From: "Dr. David Alan Gilbert" <dgilbert@redhat.com>
To: Vivek Goyal <vgoyal@redhat.com>
Cc: virtio-fs@redhat.com, qemu-devel@nongnu.org,
Stefan Hajnoczi <stefanha@redhat.com>,
Miklos Szeredi <miklos@szeredi.hu>
Subject: Re: [Virtio-fs] [PATCH 0/2] virtiofsd: drop Linux capabilities(7)
Date: Fri, 19 Jun 2020 17:16:48 +0100 [thread overview]
Message-ID: <20200619161648.GJ2690@work-vm> (raw)
In-Reply-To: <20200619160923.GD3154@redhat.com>
* Vivek Goyal (vgoyal@redhat.com) wrote:
> On Fri, Jun 19, 2020 at 09:27:46AM +0100, Dr. David Alan Gilbert wrote:
> > * Vivek Goyal (vgoyal@redhat.com) wrote:
> > > On Thu, Jun 18, 2020 at 08:16:55PM +0100, Dr. David Alan Gilbert wrote:
> > > > * Vivek Goyal (vgoyal@redhat.com) wrote:
> > > > > On Thu, Apr 16, 2020 at 05:49:05PM +0100, Stefan Hajnoczi wrote:
> > > > > > virtiofsd doesn't need of all Linux capabilities(7) available to root. Keep a
> > > > > > whitelisted set of capabilities that we require. This improves security in
> > > > > > case virtiofsd is compromised by making it hard for an attacker to gain further
> > > > > > access to the system.
> > > > >
> > > > > Hi Stefan,
> > > > >
> > > > > I just noticed that this patch set breaks overlayfs on top of virtiofs.
> > > > >
> > > > > overlayfs sets "trusted.overlay.*" and xattrs in trusted domain
> > > > > need CAP_SYS_ADMIN.
> > > > >
> > > > > man xattr says.
> > > > >
> > > > > Trusted extended attributes
> > > > > Trusted extended attributes are visible and accessible only to pro‐
> > > > > cesses that have the CAP_SYS_ADMIN capability.
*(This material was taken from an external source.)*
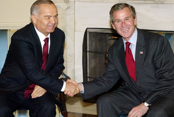 Джордж Буш-младший жмёт руку Исламу Каримову 12 марта 2002 года на встрече в Белом доме. (Фото: Alex Wong/Getty Images)

Attributes in this
> > > > > class are used to implement mechanisms in user space (i.e., outside the
> > > > > kernel) which keep information in extended attributes to which ordinary
> > > > > processes should not have access.
> > > > >
> > > > > There is a chance that overlay moves away from trusted xattr in future.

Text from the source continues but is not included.